Aim of the task » Return, word for word, the lines of the listing below from the one with "Банки с домашним" through the one with "Cuci Gudang Sandal", and no other lines.

Available data »
· · ·

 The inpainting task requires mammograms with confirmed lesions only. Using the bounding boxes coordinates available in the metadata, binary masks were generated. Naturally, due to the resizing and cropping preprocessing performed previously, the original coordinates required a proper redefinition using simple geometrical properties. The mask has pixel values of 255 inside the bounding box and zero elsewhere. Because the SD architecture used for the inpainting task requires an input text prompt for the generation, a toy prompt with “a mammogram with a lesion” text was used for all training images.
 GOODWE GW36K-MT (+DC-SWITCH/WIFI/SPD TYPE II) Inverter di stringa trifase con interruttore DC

· · ·

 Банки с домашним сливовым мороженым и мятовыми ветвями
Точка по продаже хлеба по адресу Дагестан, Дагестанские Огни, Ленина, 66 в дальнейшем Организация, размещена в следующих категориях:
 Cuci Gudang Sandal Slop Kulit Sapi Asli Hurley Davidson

· · ·

Exercise result »
 Банки с домашним сливовым мороженым и мятовыми ветвями
Точка по продаже хлеба по адресу Дагестан, Дагестанские Огни, Ленина, 66 в дальнейшем Организация, размещена в следующих категориях:
 Cuci Gudang Sandal Slop Kulit Sapi Asli Hurley Davidson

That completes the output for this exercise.